> _Your objective_
Please tally the lines in the data below that include the string "hard", and reply with only the total.

> _Material for the task_
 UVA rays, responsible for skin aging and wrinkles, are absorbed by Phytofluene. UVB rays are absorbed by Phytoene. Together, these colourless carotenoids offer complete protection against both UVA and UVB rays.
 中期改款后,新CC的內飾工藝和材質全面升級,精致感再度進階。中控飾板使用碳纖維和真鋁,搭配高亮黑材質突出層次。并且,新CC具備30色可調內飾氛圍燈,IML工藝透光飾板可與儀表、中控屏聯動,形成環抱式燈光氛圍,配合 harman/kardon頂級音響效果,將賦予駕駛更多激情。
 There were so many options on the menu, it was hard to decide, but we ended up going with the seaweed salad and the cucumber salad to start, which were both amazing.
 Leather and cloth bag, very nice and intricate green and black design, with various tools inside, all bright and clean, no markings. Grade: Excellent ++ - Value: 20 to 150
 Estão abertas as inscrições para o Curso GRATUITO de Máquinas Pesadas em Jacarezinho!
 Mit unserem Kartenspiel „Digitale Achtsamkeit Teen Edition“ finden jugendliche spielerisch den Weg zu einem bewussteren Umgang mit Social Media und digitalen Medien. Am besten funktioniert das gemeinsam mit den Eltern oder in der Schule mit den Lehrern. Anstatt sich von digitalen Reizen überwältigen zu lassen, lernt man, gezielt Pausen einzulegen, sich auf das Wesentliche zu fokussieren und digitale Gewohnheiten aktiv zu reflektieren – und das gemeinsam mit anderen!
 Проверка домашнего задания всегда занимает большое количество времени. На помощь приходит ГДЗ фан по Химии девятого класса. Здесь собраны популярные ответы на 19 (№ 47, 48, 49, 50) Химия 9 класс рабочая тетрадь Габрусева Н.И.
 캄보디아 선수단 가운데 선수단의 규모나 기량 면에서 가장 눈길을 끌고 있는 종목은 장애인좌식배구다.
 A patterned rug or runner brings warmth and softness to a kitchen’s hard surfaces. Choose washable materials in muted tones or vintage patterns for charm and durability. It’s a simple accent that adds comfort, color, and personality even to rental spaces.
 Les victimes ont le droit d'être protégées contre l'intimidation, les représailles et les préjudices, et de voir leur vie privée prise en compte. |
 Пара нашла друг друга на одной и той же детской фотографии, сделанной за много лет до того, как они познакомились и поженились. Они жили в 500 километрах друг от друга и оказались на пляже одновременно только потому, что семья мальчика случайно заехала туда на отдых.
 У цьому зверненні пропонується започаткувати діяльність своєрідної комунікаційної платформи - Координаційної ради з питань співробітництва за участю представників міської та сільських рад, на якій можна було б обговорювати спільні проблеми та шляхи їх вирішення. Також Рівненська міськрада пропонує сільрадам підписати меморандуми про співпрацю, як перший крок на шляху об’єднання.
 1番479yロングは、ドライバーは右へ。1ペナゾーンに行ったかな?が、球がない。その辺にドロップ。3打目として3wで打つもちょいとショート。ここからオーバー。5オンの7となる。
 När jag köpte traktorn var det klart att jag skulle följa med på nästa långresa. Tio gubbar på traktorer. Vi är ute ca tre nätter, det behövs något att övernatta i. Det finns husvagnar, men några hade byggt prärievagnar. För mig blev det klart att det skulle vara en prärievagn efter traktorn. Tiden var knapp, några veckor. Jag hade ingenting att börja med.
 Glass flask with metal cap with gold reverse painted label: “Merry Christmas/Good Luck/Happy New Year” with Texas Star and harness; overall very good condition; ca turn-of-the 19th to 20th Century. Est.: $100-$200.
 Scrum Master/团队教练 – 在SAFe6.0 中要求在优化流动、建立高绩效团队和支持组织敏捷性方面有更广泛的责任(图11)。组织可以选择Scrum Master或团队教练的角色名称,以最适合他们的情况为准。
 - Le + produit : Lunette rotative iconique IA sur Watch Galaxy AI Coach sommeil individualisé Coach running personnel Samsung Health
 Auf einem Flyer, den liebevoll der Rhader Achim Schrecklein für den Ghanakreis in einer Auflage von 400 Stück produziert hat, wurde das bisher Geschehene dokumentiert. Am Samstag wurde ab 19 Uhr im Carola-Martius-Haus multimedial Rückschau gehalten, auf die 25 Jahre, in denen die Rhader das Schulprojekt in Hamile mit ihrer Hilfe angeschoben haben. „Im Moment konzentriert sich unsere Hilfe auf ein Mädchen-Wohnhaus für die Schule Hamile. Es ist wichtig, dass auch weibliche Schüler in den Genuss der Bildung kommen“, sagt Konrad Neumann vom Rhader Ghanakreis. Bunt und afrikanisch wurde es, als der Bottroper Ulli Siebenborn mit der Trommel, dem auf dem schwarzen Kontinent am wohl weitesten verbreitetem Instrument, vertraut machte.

> _Task output_
2